The Challenge
"Our Salesforce Org works, but it's getting slower, harder to change, and riskier every release."
Accumulated inactive metadata, redundant automations, outdated API versions, hard-coded references, high record volumes, and over-engineered Apex create fragility over time. Every new feature takes longer. Performance degrades. Fear of change increases.
Steps to Take
Important: Technical debt is abstract. The goal is to quickly surface tangible evidence — inactive metadata, automation sprawl, API drift, or hard-coded references. Your first experience should expose uncomfortable facts.
Step 1: Connect & Sync Your Salesforce Org
Before analysing anything, make sure your org is connected and synced.
Feature: Salesforce Sync (Salesforce Connect)
Support Article: Connect and Sync a Salesforce Org
📹 Video walkthrough available
Tip: The metadata dictionary is only as accurate as the latest sync. Always confirm sync status before analysing metadata.
Step 2: Understand the Overall State of Tech Debt
Open the Analytics 360 Tech Debt Dashboard
Review how much severe vs high impact tech debt exists in your org
Drill down by clicking into charts to see exactly what the tech debt is
Check outdated API versions of automations — running on old API versions means missing out on Salesforce's built-in performance improvements, bug fixes, and new features
Step 3: Understand Tech Debt Spread Across Key Objects
Using the Object Analysis Dashboard, configure a custom dashboard to see inactive automations per object. Include record types, Apex triggers, and other metadata to identify which objects carry the most tech debt.
Using Analytics 360, open the % filled for fields in Objects chart to see how many fields are unused across your org.

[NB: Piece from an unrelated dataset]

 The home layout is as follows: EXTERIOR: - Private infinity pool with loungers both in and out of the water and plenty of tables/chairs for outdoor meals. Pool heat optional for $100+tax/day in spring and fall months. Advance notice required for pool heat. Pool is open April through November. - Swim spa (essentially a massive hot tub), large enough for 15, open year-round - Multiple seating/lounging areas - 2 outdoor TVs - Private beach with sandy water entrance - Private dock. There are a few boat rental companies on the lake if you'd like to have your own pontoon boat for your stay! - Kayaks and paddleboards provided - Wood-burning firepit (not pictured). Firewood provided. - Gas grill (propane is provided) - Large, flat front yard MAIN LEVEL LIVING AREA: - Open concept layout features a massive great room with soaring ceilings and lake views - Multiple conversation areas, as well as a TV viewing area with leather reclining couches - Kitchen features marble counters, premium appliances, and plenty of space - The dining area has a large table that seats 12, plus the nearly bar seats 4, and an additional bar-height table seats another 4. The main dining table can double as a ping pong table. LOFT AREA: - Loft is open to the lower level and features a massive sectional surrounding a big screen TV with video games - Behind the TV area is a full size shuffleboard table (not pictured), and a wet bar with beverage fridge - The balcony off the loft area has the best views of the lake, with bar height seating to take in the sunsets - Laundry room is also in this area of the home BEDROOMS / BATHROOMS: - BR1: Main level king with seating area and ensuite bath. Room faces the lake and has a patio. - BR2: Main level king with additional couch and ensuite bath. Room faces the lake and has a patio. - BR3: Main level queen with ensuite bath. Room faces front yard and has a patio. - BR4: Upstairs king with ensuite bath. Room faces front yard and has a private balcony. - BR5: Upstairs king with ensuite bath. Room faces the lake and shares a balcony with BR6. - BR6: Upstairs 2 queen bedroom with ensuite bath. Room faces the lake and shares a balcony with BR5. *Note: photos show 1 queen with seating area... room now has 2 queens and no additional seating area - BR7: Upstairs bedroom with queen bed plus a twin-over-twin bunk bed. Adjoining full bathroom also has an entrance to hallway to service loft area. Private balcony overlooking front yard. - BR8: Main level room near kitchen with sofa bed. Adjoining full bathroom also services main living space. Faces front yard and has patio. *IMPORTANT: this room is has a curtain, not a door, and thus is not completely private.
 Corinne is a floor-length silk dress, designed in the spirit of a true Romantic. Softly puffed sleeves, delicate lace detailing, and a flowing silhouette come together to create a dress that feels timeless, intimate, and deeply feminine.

Step 4: Understand Tech Debt in Your Automations
Automations are the bloodline of your org — and often where the most fragility lives.

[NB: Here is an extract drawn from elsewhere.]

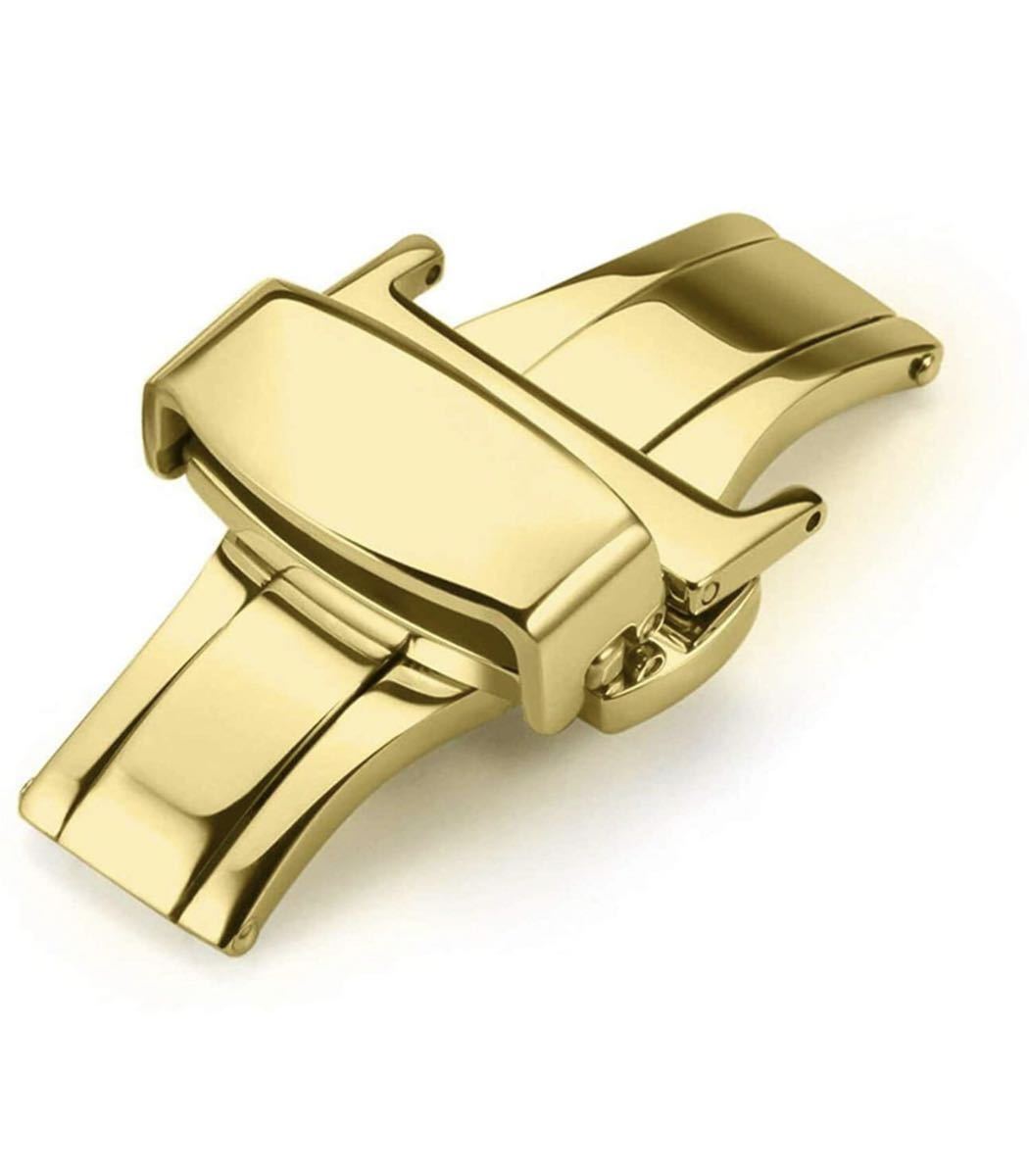 - Dバックル 腕時計 両開き式 観音開き 尾錠 時計バックル 中留 16mm イエローゴールド バネ棒付き

Using the Automation Dashboard in Analytics 360, review the overall state of your Apex and Flows. Pay particular attention to:
Test/fault coverage — higher coverage = more reliable automations
Complexity — high complexity means automations are harder to change and slow to update, though they can always be broken into smaller components
Review high record counts across your objects. Anything above 50,000 records per object creates performance issues for automations.

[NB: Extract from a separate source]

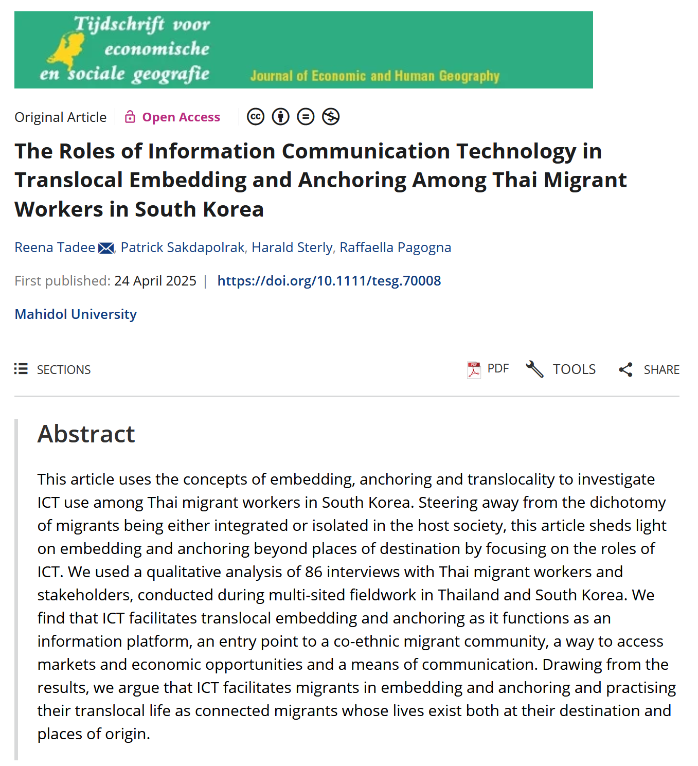 Tadee, R., Sakdapolrak, P., Sterly, H. and Pagogna, R. (2025). The Roles of Information Communication Technology in Translocal Embedding and Anchoring Among Thai Migrant Workers in South Korea. Tijds. voor econ. en Soc. Geog, https://doi.org/10.1111/tesg.70008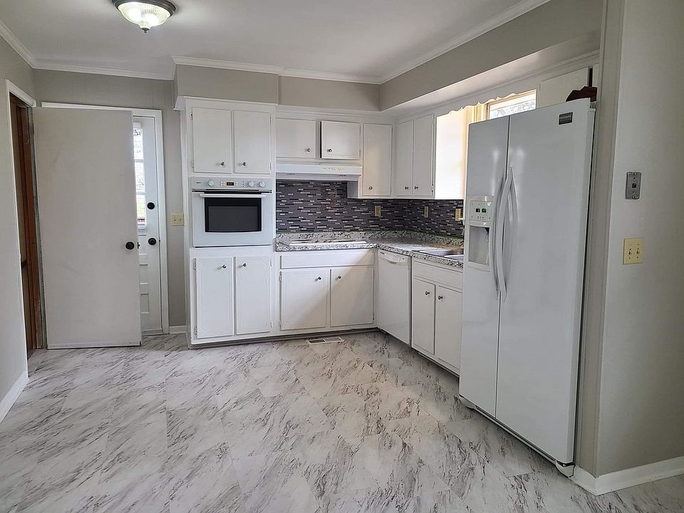 Freshly renovated three bedroom, two bath upstairs with a finished basement area downstairs and a two-car garage with laundry connections and whole house water filtration system. Smart lock entry, large connected patio deck, and fenced-in back yard, upsized main water line for reduced pressure drop during heavy use, bright outdoor flood lights all around for security, full kitchen with full size refrigerator and TONS of storage! Large yard and concrete driveway less than a mile from Starbucks, chick-fil-a, and Home Depot!

Identify and remove hard-coded references in code — hard-coded values are not secure, error-prone, and easy to break.
What You'll Learn
After completing these steps, you'll shift from "our org feels messy" to having clear answers:
I understand how much tech debt we really have
I know where the tech debt is concentrated — which objects carry disproportionate automation density and risk
I know how significant an issue it is for our team and our planned projects
Decisions You Can Now Make
With this insight, the following actions become possible:
Prioritise tech debt removal before building new features
Quantify the impact of tech debt on key capabilities and planned projects
Make the business case — explain clearly why changes take longer than expected, backed by data
Without quantified insight, clean-up never wins against feature pressure. With evidence, it becomes defensible.